The soft F1 score provides a continuous measure of similarity between two result sets, useful for evaluating partial matches and ranking different predictions.

This implementation builds upon previous approaches and introduces several refinements:
Preserves row ordering during duplicate removal to ensure consistent scoring
Uses a deterministic comparison approach that doesn't rely on hash-based sorting
Provides flexibility to evaluate results with or without considering row order


```python
from txt2sql.metrics import soft_f1

def soft_f1(
    prediction: List[Dict[str, Any]],
    ground_truth: List[Dict[str, Any]],
    ordered: bool = True
) -> float:
    """
    Calculate the F1 score based on sets of predicted results and ground truth results.
    
    Args:
        prediction: List of dictionaries containing the predicted execution results
        ground_truth: List of dictionaries containing the expected execution results
        ordered: Whether to consider row order in the comparison
        
    Returns:
        float: F1 score between 0.0 and 1.0
    """
```

## Development

### Running Tests

The package uses pytest for testing.
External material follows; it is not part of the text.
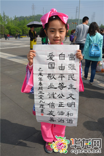 今(12)日上午,重庆园博园举行了一场名为“社会主义核心价值观”的儿童书法表演赛。来自墨香书画传习馆的30位小书法家参加了此次表演,他们身穿汉服进行书法创作,把传统与现代进行了一次完美的融合。
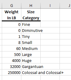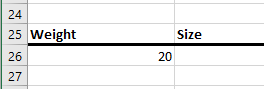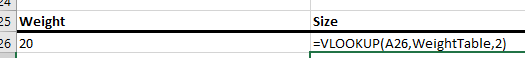 - =vlookup(a26, WeightTable,2)

To run the tests, first install the package with test dependencies:

```bash
pip install -e ".[test]"
```

Then run the tests with coverage report:

```bash
pytest
```

This will run all tests and generate both a terminal coverage report and an HTML coverage report in the `htmlcov` directory.

The test suite includes comprehensive test cases for all metrics, stored as JSON files in `tests/metrics/test_data/`. You can examine these test cases to better understand how each metric behaves in different scenarios.


## References

The implementations in this package build upon approaches from several open source projects:

- **Execution Match**: Based on the [BIRD benchmark execution match evaluation](https://github.com/bird-bench/mini_dev/blob/main/evaluation/evaluation_ex.py)
- **Soft F1 Score**: Based on the [BIRD Soft F1 evaluation implementation](https://github.com/bird-bench/mini_dev/blob/main/evaluation/evaluation_f1.py)
- **Intent Match**: Based on the [Archerfish benchmark result set matching](https://github.com/archerfish-bench/benchmark/blob/main/src/benchmark/utils/result_set_match.py)

We appreciate the contributions of these projects to the Text-to-SQL space.

## License

This project is licensed under the MIT License - see the [LICENSE](LICENSE) file for details.